In philately, a perfin is a stamp that has had initials or a name perforated across it to discourage theft. The name is a contraction of "perforated initials" or "perforated insignia". They are also sometimes called SPIFS ("stamps perforated with initials of firms and societies").

== History ==
Great Britain was the first country to use perfins, beginning in 1868. The practice spread quickly to Belgium (1872); Denmark, France, Germany and Switzerland (1876); and Austria (1877); the U.S. finally allowed perfins in 1908.

In Britain unused postage stamps could be redeemed for cash at the post office. By agreement with postal authorities, a perfin stamp on a letter could be used only by the owner of the perfin. Therefore, a stolen perforated stamp would be of no value to the unauthorized bearer.

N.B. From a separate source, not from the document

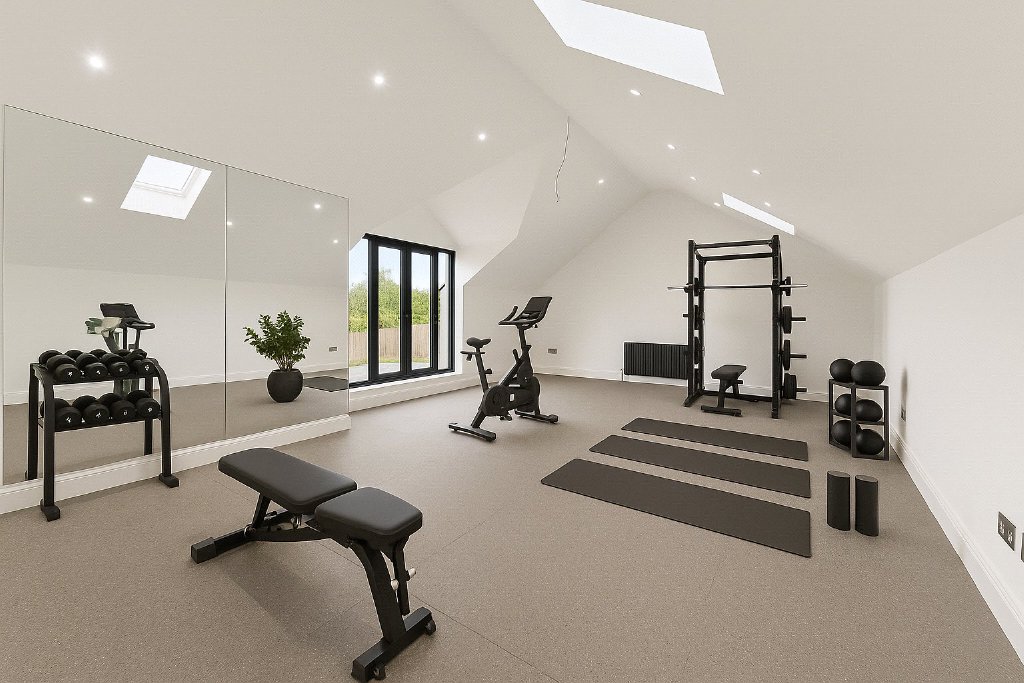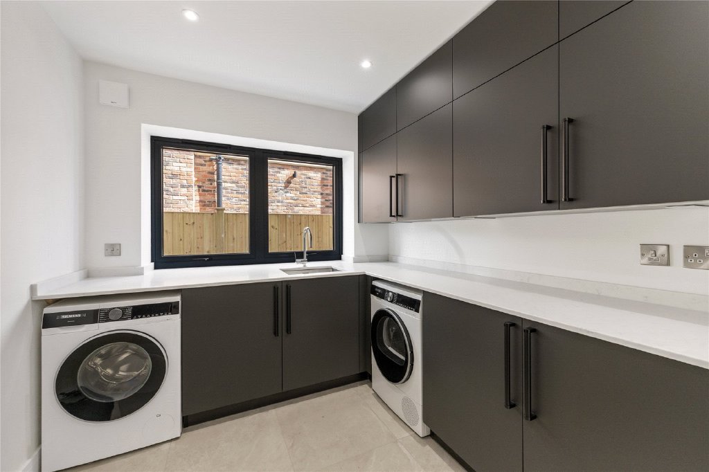 Adjoining the kitchen is a practical utility room fitted with contemporary base and wall units, tiled flooring, a built-in washing machine and tumble dryer, and access to a boot room with panelled walls, integrated storage, and bench seating. A hallway leads to a separate staircase rising to a self-contained area above the garage. This adaptable space, complete with Juliet balcony and fully tiled bathroom, is ideal as a home office, gym, or annex.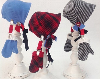 Baby girl bonnet, wooly bonnet, vintage re-purposef woolens, soft cotton lining, wool baby mittens, bonnet and mitten set, black white check

Thus the use of perfins gave organizations better security over their postage. The demise of the perfin came about by the widespread use of postage meter machines which obviated the need for perfins.

==Officially prepared perfins==
A number of countries have perforated stamps to denote official mail. Denmark punctured stamps for use by the Danish Home Guard. The United States has punctured stamps for use by various Federal organisations and Australian states such as Victoria and Queensland used perfins widely on their stamps.

==Collecting perfins==
Formerly considered damaged and not worth collecting, perforated postage stamps are now highly sought after by specialist collectors. It is often difficult to identify the originating uses of individual perfins because there are usually no identifying features; for instance the Kodak company used a simple K as their perfin, but on its own a stamp perforated K could have been used by several other users. A K perfin still affixed to a cover that has some company identifying feature, like the company name, address, or even a postmark or cancellation of a town where the company had offices, enhances such a perfin. Note that the block of 12 stamps illustrated on the right includes two copies of the highly sought-after erroneous 5-cent denomination instead of 2 cents.

==Postal stationery==
In addition to stamps, postal stationery envelopes, postcards, and newspaper wrappers were perfinned.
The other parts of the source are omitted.